Foto del escritor: piroquinesispiroquinesis

Las frescas y frías madrugadas… El emocionante cosquilleo al abrazar con los largos dedos de sus raíces la tierra compacta y húmeda… El vaivén imperceptible de la brisa entre sus hojas… Las caricias de sus ramas rozando apenas la superficie acuosa del pantano… El cálido abrazo del sol al medio día… El estruendoso canto de los cientos de pájaros que anidan en los innumerables rincones de su corteza… El vuelo silencioso de las lechuzas bajo la luna…

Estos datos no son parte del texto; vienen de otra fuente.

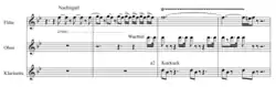 - Anklänge an Vogelgezwitscher (z. B. in T. 46–53 in den Flöten)
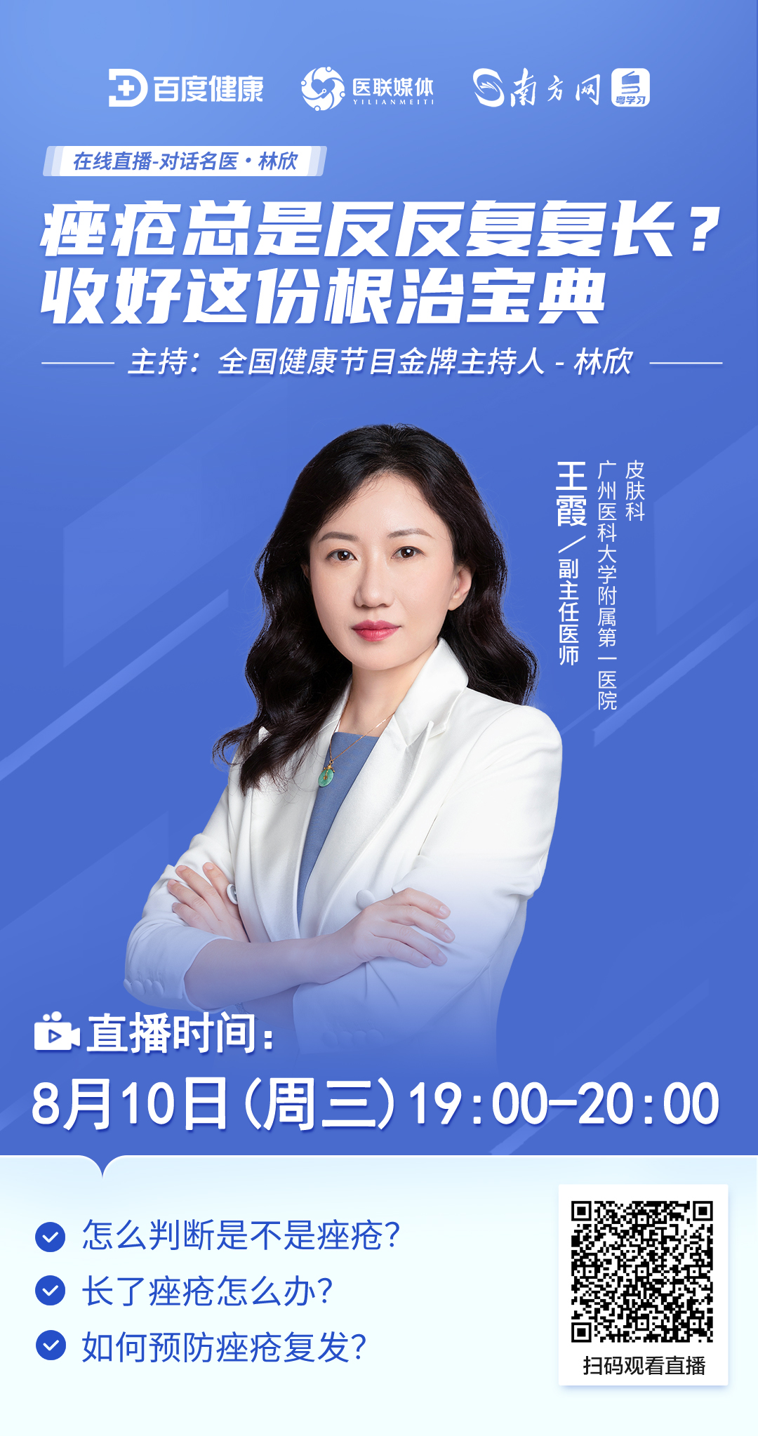 那么,反复长的痤疮又该如何根治呢?本期医联媒体《对话名医·林欣》由全国健康节目金牌主持人林欣主持,并且特别邀请到了广州医科大学附属第一医院皮肤科副主任王霞医生做客医联媒体直播间,为网友解答关于如何根治痤疮的相关问题。

El sauce era feliz. Desde que sus primeras hojas se desplegaron, tentativas, al brotar del fango donde había caído su semilla, se había sabido en casa: ese rincón del humedal era el paraíso, era todo su mundo, era el aprendizaje que el universo buscaba a través de los ríos de savia y resina en su interior. Sabía que no estaba solo, gracias al profundo alcance de las redes miceliales que lo conectaban con el resto de la vida en el pantano: sabía que a su alrededor crecían hermanos y primos y, más lejos, otros árboles de otros nombres y otras frescuras: los manglares y los viejos árboles de agua, los lirios y las algas estancadas. Las hifas subterráneas también le contaban de la infinidad de criaturas que recorrían durante el día y la noche la tierra y las aguas, desde la más pequeña lombriz hasta el letárgico caimán. Los vientos y las lluvias le traían nuevas de mucho más lejos, otros universos con otras luces, otros aromas, otras aves.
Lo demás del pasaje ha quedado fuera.